When a winding up petition against a company is issued (or a bankruptcy petition against an individual) and advertised any transaction that disposes of property after that date is void under insolvency legislation and can be reversed once a winding up or bankruptcy order is subsequently made.
The legislation is designed to stop directors from stripping the company of assets when a winding up order is received.
As soon as a petition is advertised the company bankers become alerted and the bank account should be frozen.
If a disposition is made after a winding up petition is presented but a winding up order is not subsequently made, the disposition is not void.

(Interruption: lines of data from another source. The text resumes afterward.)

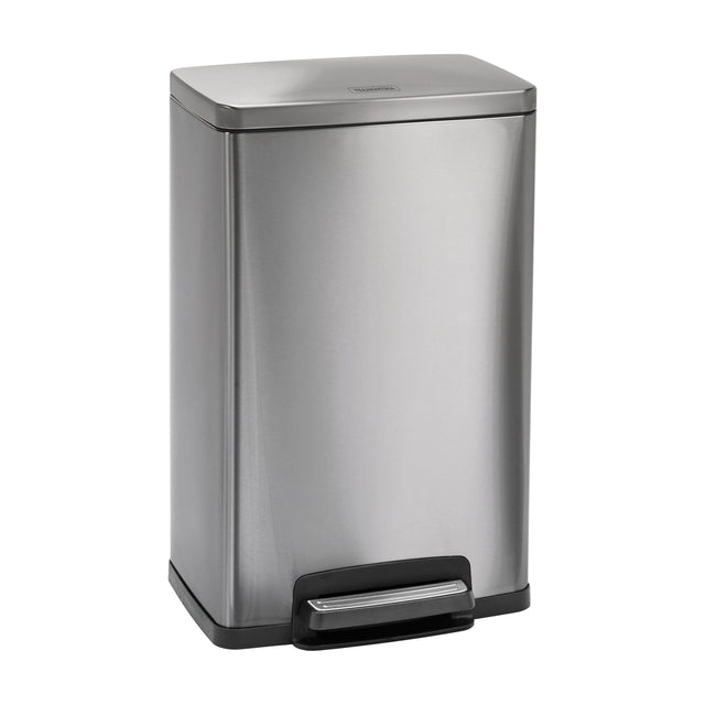 Tramontina's durable stainless steel 13 Gal Step Can is stylish and functional solution to organize rooms in any home or commercial space. Unique features include a sturdy and sleek stainless steel satin-finished body with a print and stain-free coating, a dense polypropylene lift-out liner with vented base for easy bag removal, an easy step-open pedal, and a soft-closing lid.
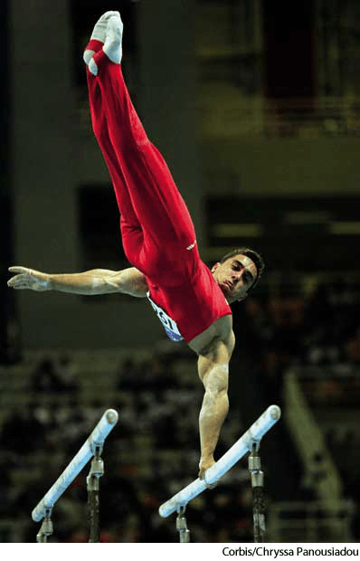 parallel barspl.n.Sports(复数名词)【体育运动】parallel barsMarian Drăgulescu of Romania at the 2004 Olympic GamesAthens, Greece
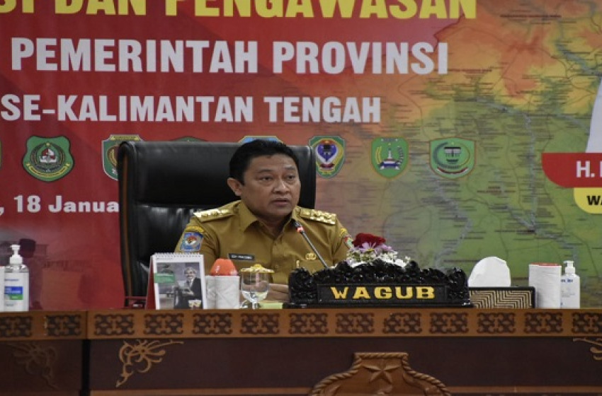 Wagub H. Edy Pratowo saat membacakan sambutan tertulis Gubernur Kalteng H. Sugianto Sabran menyampaikan rapat ini merupakan evaluasi keseluruhan terhadap penyerapan anggaran, baik APBD maupun APBN, proses pengadaan barang dan jasa Pemerintah, penerimaan pendapatan dan hal-hal lainnya pada tahun 2021.
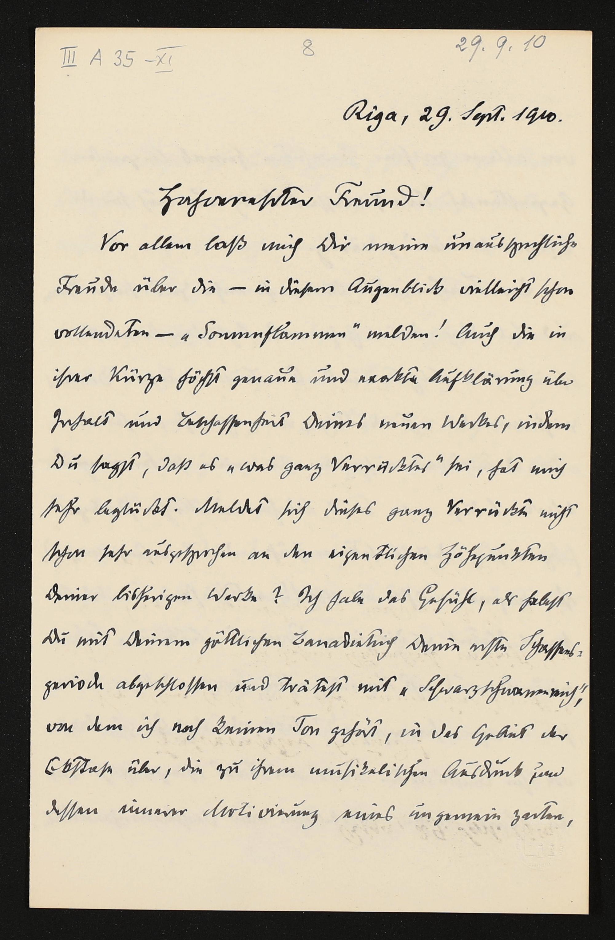 eigenhändiger Brief von Carl Friedrich Glasenapp an Siegfried Wagner
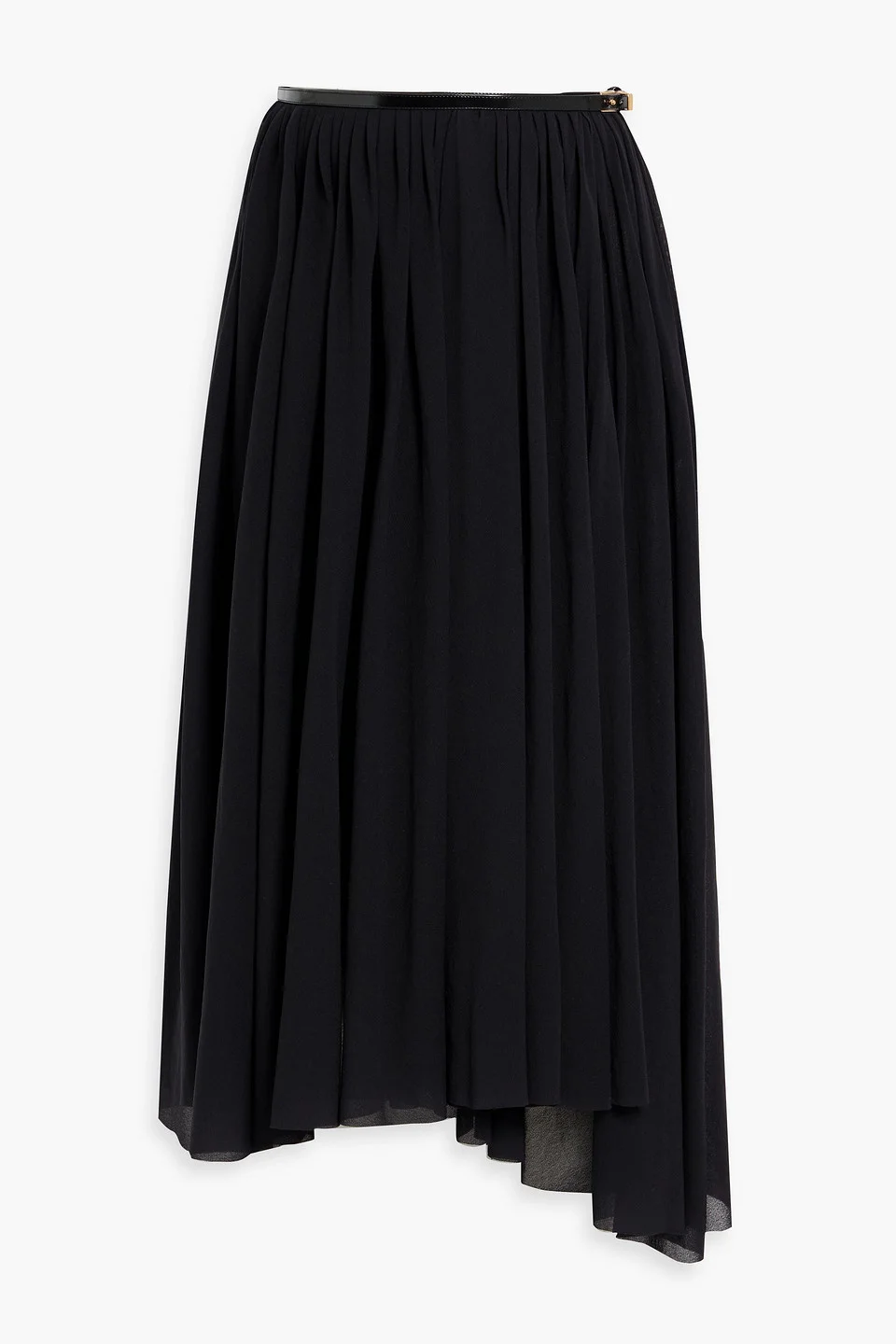 Asymmetric pleated mesh midi skirt

Dispositions cover all sort of assets owned by a company. The assets can include plant and machinery, office equipment, vehicles, debtors, intellectual property or cash at bank. It would include a payment for goods in the ordinary course of trade.
If a voidable transaction is made a director may become personally liable to compensate the estate if the asset cannot be recovered from the beneficiary.
To avoid a liquidator making a demand that any monies/assets should be repaid/returned it would be necessary to apply to the court for a validation order. This could be done in advance or retrospectively in respect of a transaction. This is a court procedure and doesn’t come cheap.
A winding up petition will usually be preceded by a Statutory Demand. Once a Statutory Demand has been issued the creditor needs to wait 21 days before issuing a winding up petition.
Once a winding up petition has been issued the directors lose control of the insolvency procedure.
Directors will usually know if there is a creditor threatening issuing a winding up petition. This is the time (or sooner) that they should seek advice.